Lapas Banda Aceh Prioritas Pembinaan Keagamaan Narapidana

Pembinaan keagamaan narapidana harus jadi perhatian bersama.

Ilustrasi kegiatan mantan narapidana.
Foto: Republika/Putra M. Akbar
Ilustrasi kegiatan mantan narapidana.

REPUBLIKA.CO.ID, BANDA ACEH -- Lembaga Pemasyarakatan (Lapas) Kelas IIA Banda Aceh memprioritaskan pembinaan keagamaan bagi narapidana atau warga binaan sehingga memiliki akhlakul karimah.

"Pembinaan keagamaan ini untuk melahirkan warga binaan yang akhlaqul karimah, memiliki perilaku mulai serta menjadi teladan di masyarakat setelah menjalani hukuman," kata Kepala Lapas Kelas IIA Banda Aceh Said Mahdar di Aceh Besar, Selasa (24/10/2023).

Baca Juga

Menurut Said Mahdar, tujuan pembinaan keagamaan tersebut untuk meningkatkan keimanan dan pemahaman warga binaan terhadap agama yang mereka anut.

Mayoritas warga binaan beragama Islam. Pembinaan keagamaan dilakukan dengan menggandeng pihak ketiga dan dilakukan secara berkala, kata Said Mahdar.

"Seperti lantunan zikir yang dikumandangkan ini, masyarakat di sekitar lapas mengira zikir tersebut dilantunkan santri yang diundang. Padahal zikir tersebut dilantunkan oleh warga binaan," katanya.

Said Mahdar mengatakan, pembinaan keagamaan tersebut juga sebagai bagian melahirkan warga binaan sebagai manusia yang berguna ketika kembali ke tengah-tengah masyarakat.

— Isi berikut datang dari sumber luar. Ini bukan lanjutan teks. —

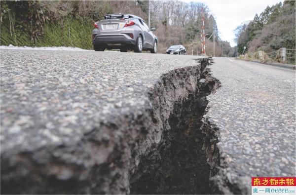1月2日,在日本石川县羽咋郡,道路被地震损坏。

"Tentunya, kami berharap warga bina Lapas Banda Aceh masuk sebagai narapidana keluar sebagai santri. Serta menjadi teladan bagi orang lain ketika keluar dari lembaga pemasyarakatan ini," kata Said Mahdar.

Selain keagamaan, Lapas Kelas IIA Banda Aceh juga memberi pembinaan ketrampilan kepada warga binaan, sehingga mereka memiliki bekal ketika berbaur kembali dengan masyarakat.

Said Mahdar mengatakan adapun pembinaan keterampilan yang diberikan di antaranya pembuatan kue dan roti, tukang pangkas, pot bunga, kerajinan miniatur kapal, dan lainnya.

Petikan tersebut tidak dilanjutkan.